There I watched her lay out card after card, her brow furrowed with concentration and every now and then she would pause and rest her chin on her hand as though she were considering a proposal. Then more cards would be laid out. It was soothing to watch her and I remember thinking, one day that will be me. 

It was around that same time that I began connecting deeply with symbolism and interpreting them in weird and wonderfully childish ways. I would press leafy offerings into damp soil, preferably mud and from there I would divine what both leaf and earth was kind enough to show me. Then it was concrete and after that clouds and after that flame.  Each method presenting itself organically, in fact it wasn’t until my induction into the blood mysteries that divination was explained to me in its divine entirety and once it had, I was hooked.

Image source: Google
Under the guise of my beloved grandmother, I began exploring the tarot; I so wanted to be like my mother and was confident that if I spent the time, the cards would soon speak to me like the leaf and mud, like the clouds.  Well... they didn't when they didn't I felt gutted. I could not for the life of me understand why and my grandmother, mother and older sister weren't permitted to tell me. I remember feeling deeply frustrated and irritated and when I voiced my feeling asking my grandmother why it was that she wouldn’t help me and why no one seemed to care that this was upsetting me…. All she said was “these are the old way”. This response was not well received by a hormone charged, suborn and temperamental teenager, in fact I remember thinking that if the “old ways” were a person, then I would very much like to punch said “old ways” in the face lol.
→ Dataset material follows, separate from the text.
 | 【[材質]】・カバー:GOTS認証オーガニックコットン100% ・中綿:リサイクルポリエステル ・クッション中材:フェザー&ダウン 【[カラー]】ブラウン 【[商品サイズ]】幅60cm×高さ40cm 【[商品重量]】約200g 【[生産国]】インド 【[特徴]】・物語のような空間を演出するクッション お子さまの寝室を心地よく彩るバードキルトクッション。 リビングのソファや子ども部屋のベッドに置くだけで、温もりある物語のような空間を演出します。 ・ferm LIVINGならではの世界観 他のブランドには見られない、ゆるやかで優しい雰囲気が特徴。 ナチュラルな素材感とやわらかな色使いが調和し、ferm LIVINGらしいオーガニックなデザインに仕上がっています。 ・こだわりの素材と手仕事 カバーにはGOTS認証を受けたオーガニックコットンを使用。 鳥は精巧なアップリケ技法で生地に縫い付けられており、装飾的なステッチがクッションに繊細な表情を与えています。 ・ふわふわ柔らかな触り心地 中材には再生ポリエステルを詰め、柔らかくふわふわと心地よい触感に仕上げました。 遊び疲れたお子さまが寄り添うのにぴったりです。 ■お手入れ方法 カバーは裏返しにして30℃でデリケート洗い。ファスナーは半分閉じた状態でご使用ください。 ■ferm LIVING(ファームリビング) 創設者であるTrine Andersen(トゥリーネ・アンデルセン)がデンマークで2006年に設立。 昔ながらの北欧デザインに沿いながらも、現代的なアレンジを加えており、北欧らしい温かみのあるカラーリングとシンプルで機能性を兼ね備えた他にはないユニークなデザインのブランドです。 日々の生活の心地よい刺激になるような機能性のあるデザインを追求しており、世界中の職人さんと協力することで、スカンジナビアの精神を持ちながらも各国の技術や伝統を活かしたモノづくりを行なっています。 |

You see, in my tradition, divination is the journey of highest vibration, it comes from a divine source and as such it is the source that must guide, offering someone help in this area is forbidden as it is seen as interfering with the flow of the divine. And while the principals of tarot and the fools journey were explained to me in detail, the connection, the feeling, well that was up to me to both attain and decipher. “They will speak to you” said my mother, “you’ll see the message in your mind’s eye, and you may even here the whisper in your ear”.  Well needless to say, I didn’t.  

In the end, it was my little sister who bought me the answer…. And answer wrapped in dark silk. It was the cards, the deck that I had been using; they were not speaking to me. They were not mine even though they were mine, our friendship had not properly formed because we didn’t really enjoy the others energy and in the end these cards went to someone else who uses them to this day.  
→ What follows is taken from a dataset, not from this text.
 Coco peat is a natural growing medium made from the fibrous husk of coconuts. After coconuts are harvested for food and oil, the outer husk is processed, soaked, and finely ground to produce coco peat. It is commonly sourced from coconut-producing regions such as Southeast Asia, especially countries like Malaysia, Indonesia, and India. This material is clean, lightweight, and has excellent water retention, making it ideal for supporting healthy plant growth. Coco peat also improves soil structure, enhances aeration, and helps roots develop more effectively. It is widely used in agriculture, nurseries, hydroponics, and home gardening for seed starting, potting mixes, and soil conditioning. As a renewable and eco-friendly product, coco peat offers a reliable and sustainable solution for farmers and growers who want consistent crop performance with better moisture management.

Image source: http://religions.unian.net/ukr/detail/13253
When I discuss this with others I’m comfortable speaking to about such things, I’m often asked if I have tried oracle cards. My answer is always “no, they are not for me” because I have always found oracle cards to be shallow when compared to tarot lacking both history and depth. And then 6 days ago, as I stood in my local new age shop, I picked up a deck of oracle called “The Golden Path”  and there it was, that feeling, a connectedness unlike any I had felt prior to any deck I had ever touched. It filled me with a warm comfortable feeling that was akin to trust, I felt my subtle body ripple, allowing them in so to speak, it was so strange, so welcome and yet I immediately put them back on the shelf out of pure stubbornness, truth be told I felt embarrassed to buy them, especially after holding such a negative opinion of oracle cards for so long. 
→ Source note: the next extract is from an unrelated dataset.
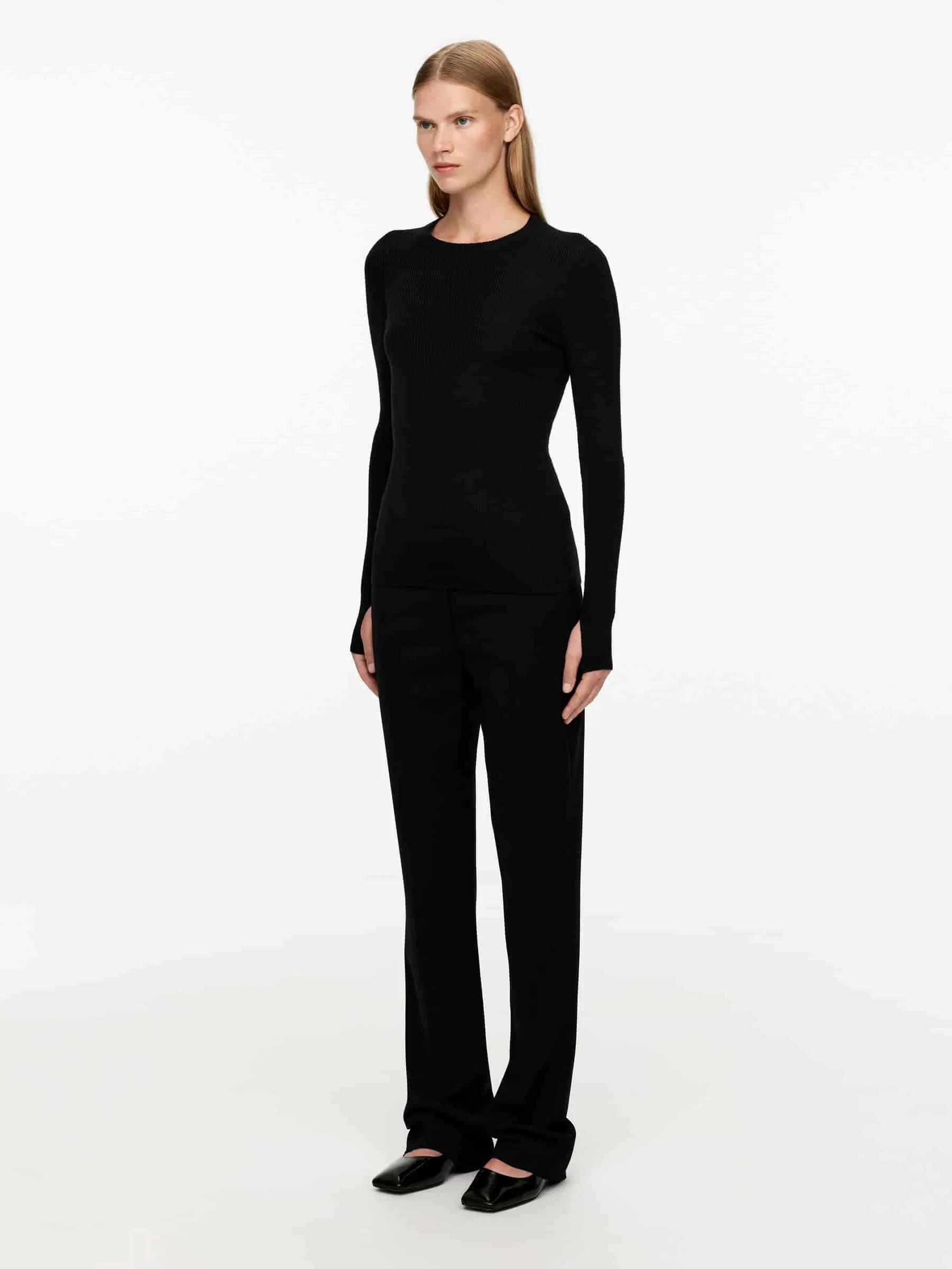 Merino top cut in a slim, slightly longer fit. The sleeves feature thumb openings for comfortable wearing. This top contains 100% RWS wool, certified by control union 862581. Products certified to the Responsible Wool Standard (RWS) contain wool fiber from farms independently certified to animal welfare and land management requirements.

For the next week they haunted me, their image, that feeling so I went back to visit them again and still I left without buying them. And then, I had started dreaming about them so I went back a third time, this time with my father. I bought a little bronze statue of Venus of Willendorf and a tarot bag.  Whilst there I said hello to the deck of oracle and as I held them in my hand my dear old dad leaned over my shoulder and said “what have you got there”. I explained to him it was the deck that had been practically haunting me but that I didn’t like oracle cards and refused to buy them. I then paid for my goods and left the store to answer a phone call. When dad finally caught up with me a minute or two later, he handed me a package, it was the bloody oracle cards, I couldn’t believe it. I had to laugh, especially when he said “The art work really spoke to me, very beautiful” he continued. 

 And so began my induction into oracle cards and while they are entertaining me at the moment, my search for the deck of tarot truly meant for me continues. I have come close a few times; to this day I am unable to go as deep with my reading as my mother does with hers. I have a sneaking suspicion that the one deck meant for me is actually hers.